Tahun Baru dua ribu dua puluh enam
datang tanpa gelegar cahaya, tanpa sorak yang memecah malam, tanpa dentuman dan cahaya kembang api, ia hadir seperti adagietto
pelan, dalam, dan menunduk melangkah di antara reruntuhan doa
dan luka yang belum sepenuhnya pulih.

Tak ada terompet dan kembang api,
hanya langit yang menahan air mata,
dan bumi yang masih bergetar oleh ingatan akan banjir, longsor, dan kehilangan.

Di nada rendah ini,
Keluarga Besar SDN 38 Lubuk Sao Kecamatan Tanjung Raya menyampaikan selamat memasuki tahun baru 2026. Bukan sebagai pesta, melainkan sebagai doa yang dibisikkan
Semoga Allah SWT
menurunkan berkah-Nya setenang hujan rahmat,
menguatkan iman yang sempat goyah,
melapangkan hati yang lelah, dan meneguhkan jiwa yang diuji oleh duka bertubi-tubi.

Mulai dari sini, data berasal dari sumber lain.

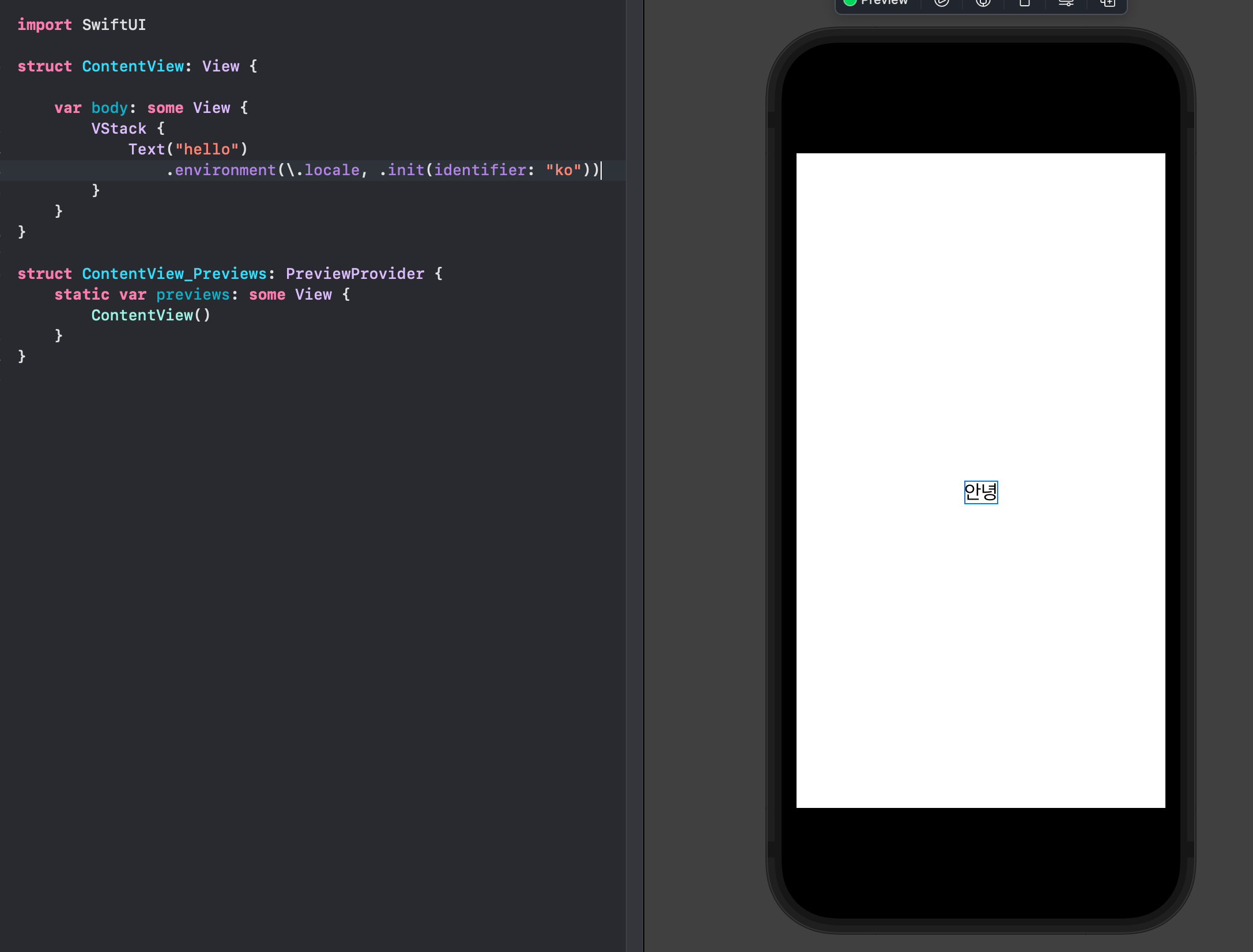 스위프트UI에서 다국어 처리를 해보도록 하겠습니다. 기존 오브젝티브 C나 Swift에서 하던 방식보다 훨씬 간단하게 처리할 수 있는 장점이 있습니다. 다음과 같이 .enviroment 옵션을 줘서 강제로 locale을 한국(ko)로 지정할 수도 있습니다. 기존 스토리 보드 개발 방식에 비해서 테스트 할 때 굉장히 유리합니다. 기존에는 자간이나 텍스트 사이즈를 및 개행을 확인해보기 위해서 일일히 실행해봐야 했는데 정말 획기적입니다.
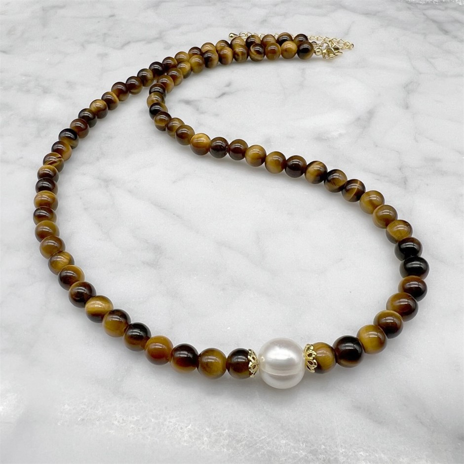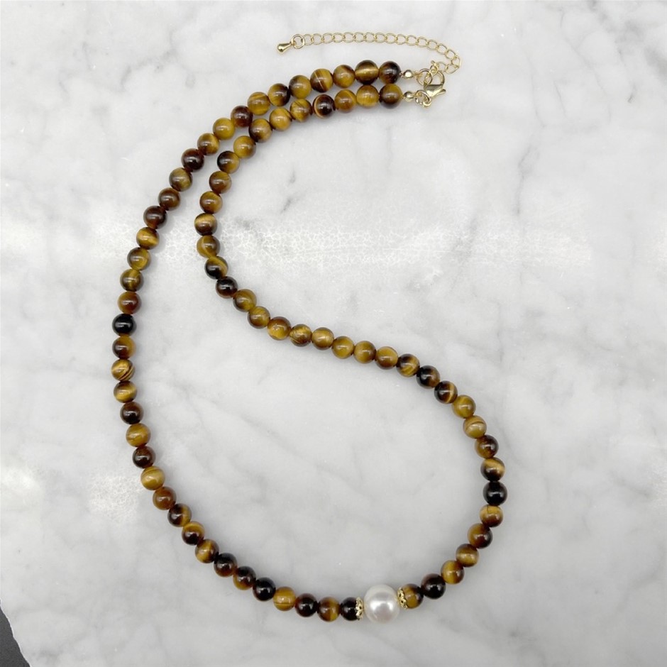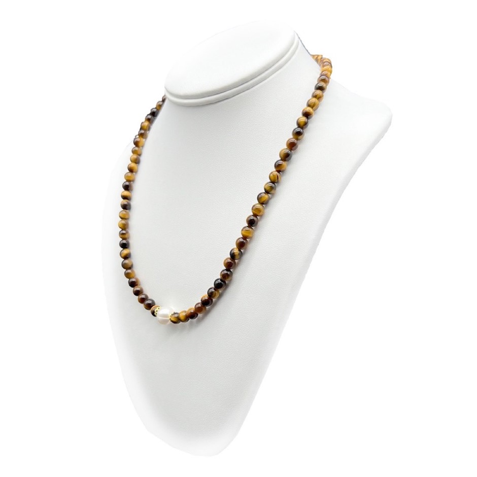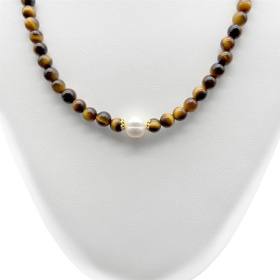 Natural 10mm White Freshwater Pearls with Tiger Eye Gemstone Necklace. Product Specifications:

Kabupaten Agam masih berselimut kenangan pahit.
Alam memainkan simfoni kerasnya air yang meluap,
tanah yang runtuh, dan sunyi yang tinggal setelah segalanya berlalu.

Dari irama bencana itu,
kita belajar satu kebenaran klasik manusia hanyalah penumpang sementara,
dan alam tak pernah lupa
menegur kesombongan dengan caranya sendiri.

Semoga bencana segera reda. Semoga luka bumi dipulihkan, dan luka manusia disembuhkan oleh waktu, gotong royong,
serta kasih yang tak pernah meminta balasan.

Di posko pengungsian dan rumah singgah, harapan mungkin hanya setitik nada minor, namun ia terus hidup, setia berdetak di dada mereka yang memilih bertahan. Pergantian tahun bukan sekadar pergantian angka, melainkan jeda panjang untuk mendengar suara hati sendiri.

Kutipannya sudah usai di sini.